Whenever I hear "beautiful math", I immediately think fractals. A personal favorite of mine, for some time now, has been the Mandelbrot set.

Take a point on the complex plane: $(x,y) \to x + yi$. If you square this number $(x+yi)^2 = (x^2 - y^2) + 2xyi$, then square the result, and so on to infinity, one of three things will happen. If the magnitude of this complex number (straightline distance from the origin) is less than one, the value will asymptotically trend to zero. If the magnitude is more than one, it will trend to infinity. If the magnitude is exactly one, the value will either be unchanged, or it will move around to various other points that are of magnitude 1. This in itself can be used to draw some visually-interesting graphs. The set of all points for which the function does not diverge to infinity is the S-set, and its shape is the unit circle.

The Mandelbrot set adds a simple variation to the function; instead of just iteratively squaring, the value is squared, then the original value is added. The set of all points for which this function does not diverge is the M-set. Sounds easy, and it is, but the shape we get is, shall we say, more complex:

The shape of the M-set, in fact, has infinite detail given real coefficients of the complex numbers. The above image (and most other images of the Mandelbrot set) are colored, by using the number of iterations of squaring and adding needed to determine that the function diverges from that point (if the magnitude of the value ever exceeds 2 it will definitely diverge) to pick a color from a gradient or other palette (above, from dark blue to white).

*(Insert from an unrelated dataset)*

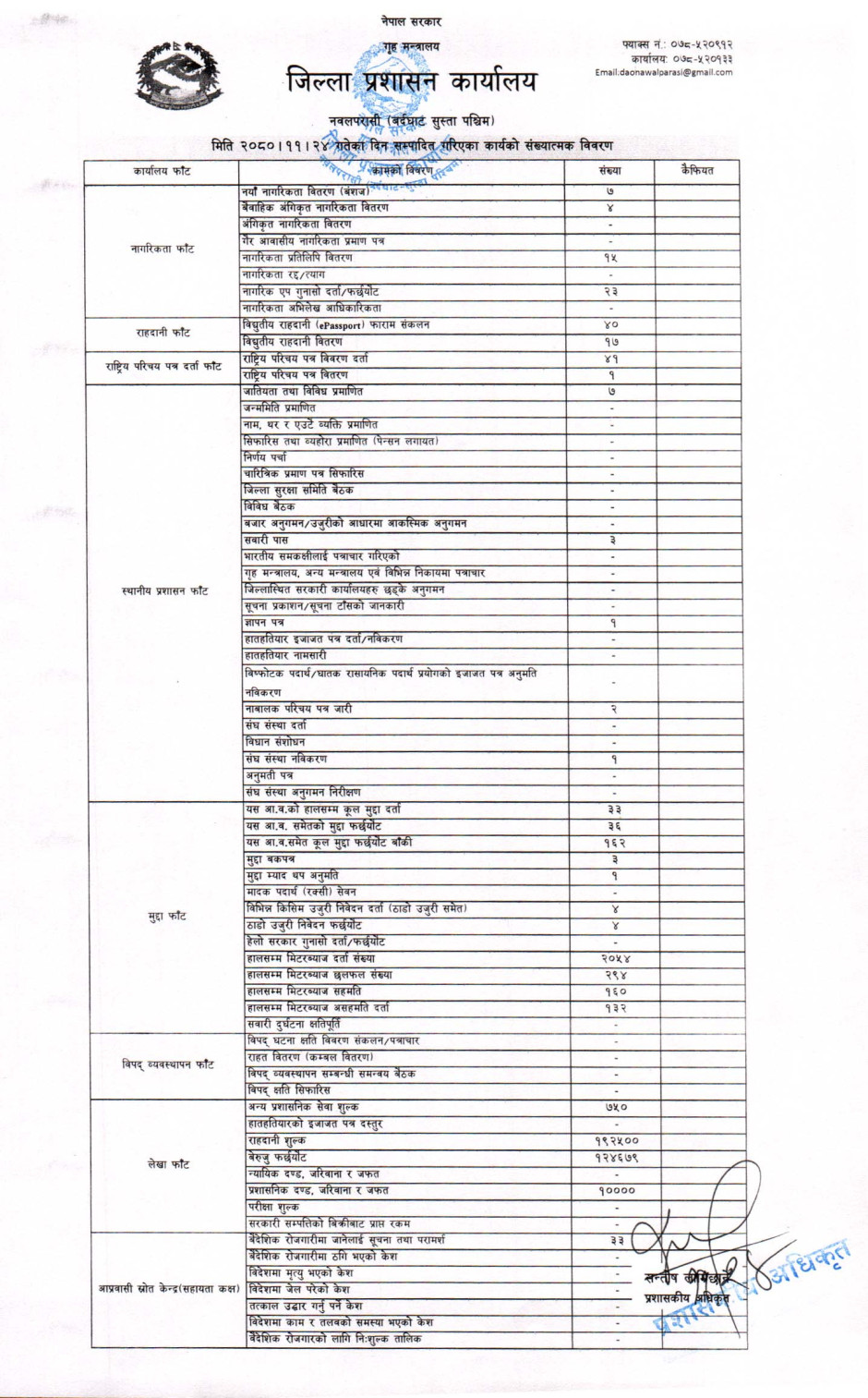 तस्बिर : मिति २०८०।११।२४ गतेका दिन सम्पादित गरिएका कार्यको संख्यात्मक विवरण

Zoom in closer to any point on the edge of the set, and the M-set displays it true beauty:

"Pretty", I hear you say, "but how's it useful?" Well:

- Notice the self-similarity in many of the images; in a few, you see the image of the full set reproduced at what ends up being a much smaller scale. The mathematical reasons behind this are the focus of study in data compression algorithms.
- This same self-similarity is also being used by astrophysicists to explain aspects of our entire universe, such as why galaxies tend to form in similar, roughly rotationally-symmetrical shapes.
- The points close to but not in the M-set do not diverge linearly away from the nearest edge. The path any one starting value takes through the complex plane on its way to infinity is, in many cases, just as interesting (from aesthetic and mathematical standpoints) as the full set. This path-tracing has been used to simulate light in complex reflective/refractive structures, like insect shells.
- Portions of the M-set (and of the related Julia sets) have been used as topological maps to generate artificial terrain for movies and video games.
- Another type of fractal, the Hilbert space-filling curve, is used in cell phones and other devices for their antennas (to place the desired total length of antenna conductor into as small an area as possible).